Mortgage insurance (MI) pays the lender if you default on your mortgage. Also called private mortgage insurance (PMI), it is generally required by the lender if your down payment is less than 20% for conventional financing. You the borrower pay the premiums, which are typically included in your monthly mortgage payment unless you finance them into your loan amount or pay for them upfront when you close on the loan. Fees for PMI vary depending on the size of the down payment and your credit score.
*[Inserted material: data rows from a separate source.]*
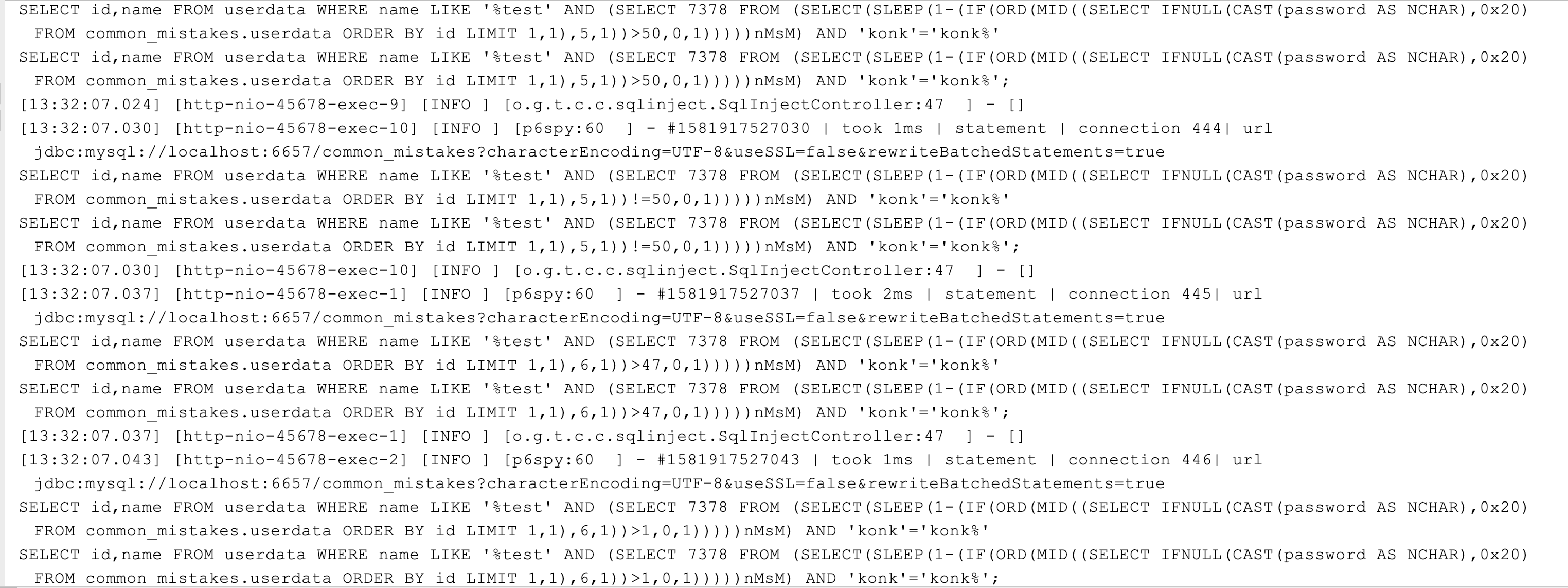 //用户模糊搜索接口 @PostMapping("jdbcwrong") public void jdbcwrong(@RequestParam("name") String name) { //采用拼接SQL的方式把姓名参数拼到LIKE子句中 log.info("{}", jdbcTemplate.queryForList("SELECT id,name FROM userdata WHERE name LIKE '%" + name + "%'")); }
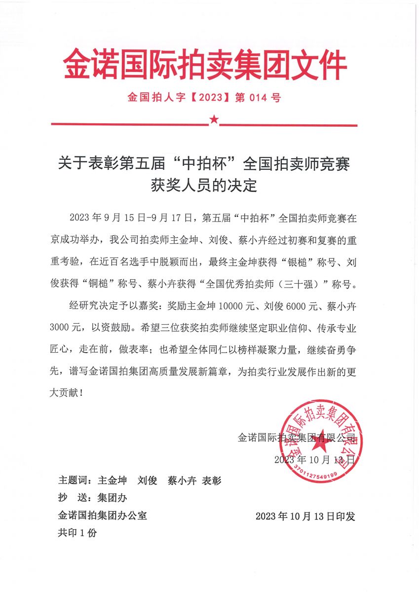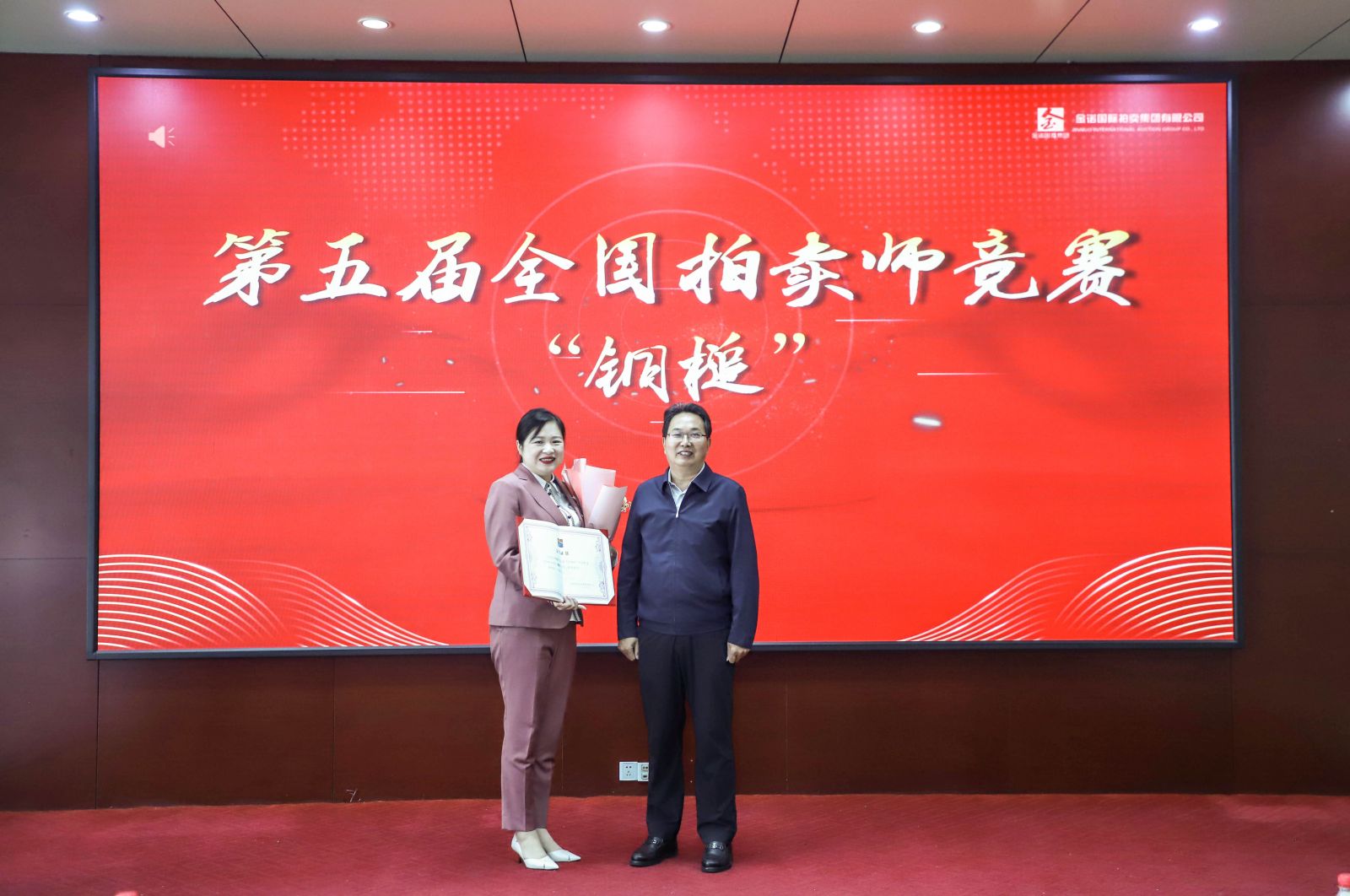 金諾國拍集團總裁位琳首先宣讀了《關(guān)于表彰第五屆“中拍杯”全國拍賣師競賽獲獎人員的決定》,“經(jīng)研究決定予以嘉獎,希望主金坤、劉俊、蔡小卉三位獲獎拍賣師繼續(xù)堅定職業(yè)信仰、傳承專業(yè)匠心,走在前,做表率;也希望全體同仁以榜樣凝聚力量,繼續(xù)奮勇爭先,譜寫金諾國拍集團高質(zhì)量發(fā)展新篇章,為拍賣行業(yè)發(fā)展作出新的更大貢獻!”
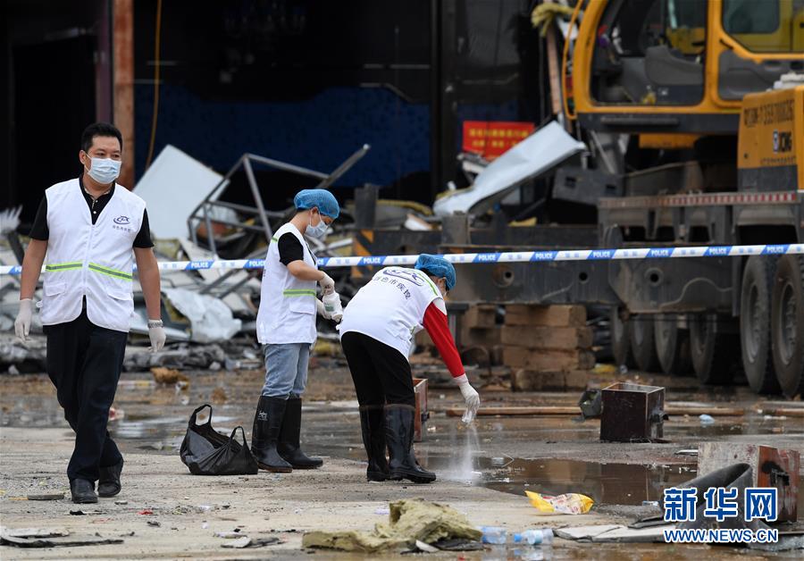5月21日,工作人员在事故现场进行卫生防疫工作。 记者从广西壮族自治区应急管理厅了解到,截至21日9时,百色一酒吧屋顶坍塌事故已造成4人死亡、87人受伤。经当地公安部门初步调查,7人因涉嫌工程重大安全事故罪被采取刑事拘留措施。 20日凌晨1时许,百色市右江区东州大道旁一家名为0776的酒吧发生钢架结构屋顶坍塌事故。 新华社记者 陆波岸 摄
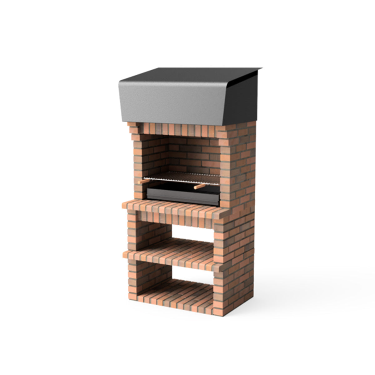 Barbacoa de hormigón refractario y ladrillo marrón. Parrilla de acero inoxidable 76,5 x 44 cm. Rejilla metálica de 70 x 40 cm y cajón para limpieza
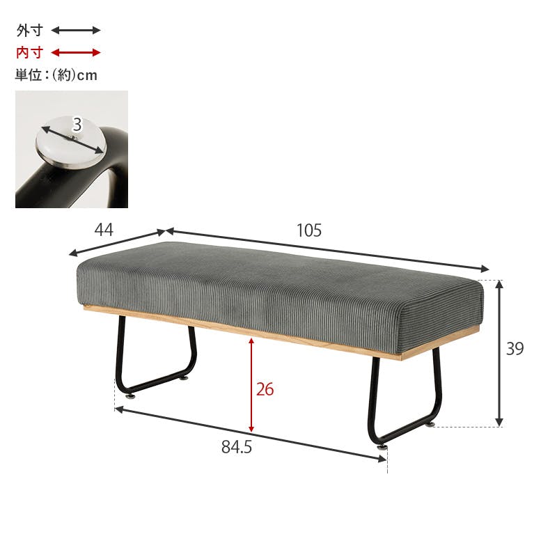 (約)幅105×奥行44×高さ39×座面高39cm

The fees are lower the higher your credit score and the closer your down payment is to 20%. For conventional loans, you no longer need to pay for mortgage insurance once you’ve paid down your principal so that you owe only 78% of the value of your home if you occupy the home as your primary residence.
The Federal Housing Administration (FHA) is a government agency that requires mortgage insurance. This insurance is tied to their FHA insured loans, which have lower down payment and credit score requirements. With FHA mortgage insurance, you have an upfront insurance that is typically financed into the loan amount and an annual premium that is required to be paid monthly, in your monthly mortgage payment. The monthly mortgage insurance for FHA loans varies depending on when your loan originated. Current regulations retain monthly insurance for the life of the loan, regardless of your loan to value. Most borrowers that have seen an appreciation in their home value will refinance to a conventional loan when their equity in their home reaches 80% of the value.
PMI premiums may be tax deductible some years, depending upon how Congress votes on the matter. Always consult a tax professional before making any decision with tax implications.